◆ EXTRACTED DATA ◆
== Segment start ==
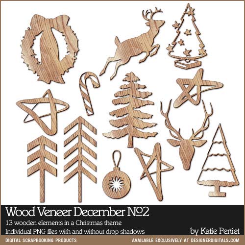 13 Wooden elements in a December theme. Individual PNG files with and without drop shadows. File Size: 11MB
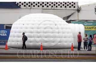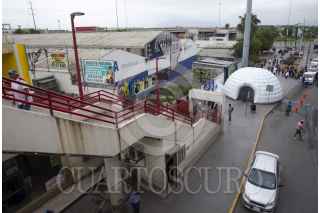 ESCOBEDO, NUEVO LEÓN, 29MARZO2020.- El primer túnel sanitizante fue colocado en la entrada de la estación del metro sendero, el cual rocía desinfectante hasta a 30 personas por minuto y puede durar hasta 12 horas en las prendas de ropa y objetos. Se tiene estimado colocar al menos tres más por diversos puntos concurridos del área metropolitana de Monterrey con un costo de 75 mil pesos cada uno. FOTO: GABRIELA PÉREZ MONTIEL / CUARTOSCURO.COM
== Segment end ==
== Segment start ==
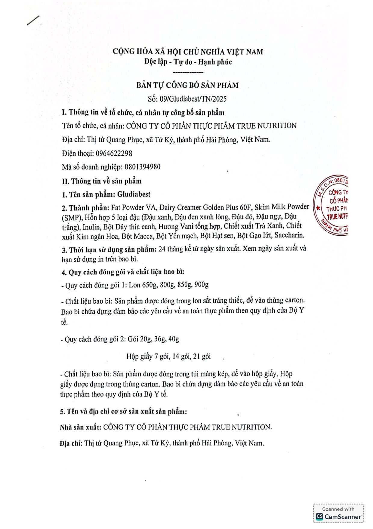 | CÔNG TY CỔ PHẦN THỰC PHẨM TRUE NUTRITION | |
== Segment end ==
== Segment start ==
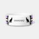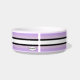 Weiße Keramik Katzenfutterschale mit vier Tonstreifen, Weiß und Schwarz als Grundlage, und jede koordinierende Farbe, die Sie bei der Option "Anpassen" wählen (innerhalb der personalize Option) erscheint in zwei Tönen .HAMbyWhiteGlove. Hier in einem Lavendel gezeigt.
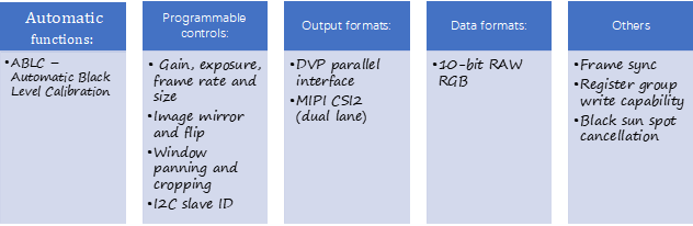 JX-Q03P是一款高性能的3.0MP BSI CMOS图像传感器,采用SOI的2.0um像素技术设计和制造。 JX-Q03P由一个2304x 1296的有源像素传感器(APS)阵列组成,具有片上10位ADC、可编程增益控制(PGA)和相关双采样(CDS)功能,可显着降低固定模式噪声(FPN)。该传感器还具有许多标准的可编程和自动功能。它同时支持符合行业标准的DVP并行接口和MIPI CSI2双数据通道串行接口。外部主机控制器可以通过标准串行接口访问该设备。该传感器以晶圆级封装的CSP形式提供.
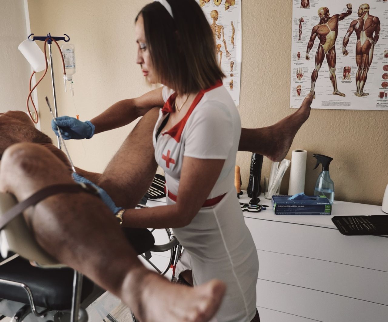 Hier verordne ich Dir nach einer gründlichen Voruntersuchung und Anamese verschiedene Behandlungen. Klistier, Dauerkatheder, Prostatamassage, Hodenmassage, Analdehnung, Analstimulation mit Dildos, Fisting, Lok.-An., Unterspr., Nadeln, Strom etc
== Segment end ==
◆ DIRECTIONS ◆
Look back at the data above, then output exactly the lines from the line holding "JX-Q03P是一款高性能的3.0MP BSI CMOS图像传感器,采用SOI的2.0um像素技术设计和制造。" up to and including the line holding "Hier verordne ich". Leave out the pictures.

◆ SOLVED PROBLEM ◆
 JX-Q03P是一款高性能的3.0MP BSI CMOS图像传感器,采用SOI的2.0um像素技术设计和制造。 JX-Q03P由一个2304x 1296的有源像素传感器(APS)阵列组成,具有片上10位ADC、可编程增益控制(PGA)和相关双采样(CDS)功能,可显着降低固定模式噪声(FPN)。该传感器还具有许多标准的可编程和自动功能。它同时支持符合行业标准的DVP并行接口和MIPI CSI2双数据通道串行接口。外部主机控制器可以通过标准串行接口访问该设备。该传感器以晶圆级封装的CSP形式提供.
 Hier verordne ich Dir nach einer gründlichen Voruntersuchung und Anamese verschiedene Behandlungen. Klistier, Dauerkatheder, Prostatamassage, Hodenmassage, Analdehnung, Analstimulation mit Dildos, Fisting, Lok.-An., Unterspr., Nadeln, Strom etc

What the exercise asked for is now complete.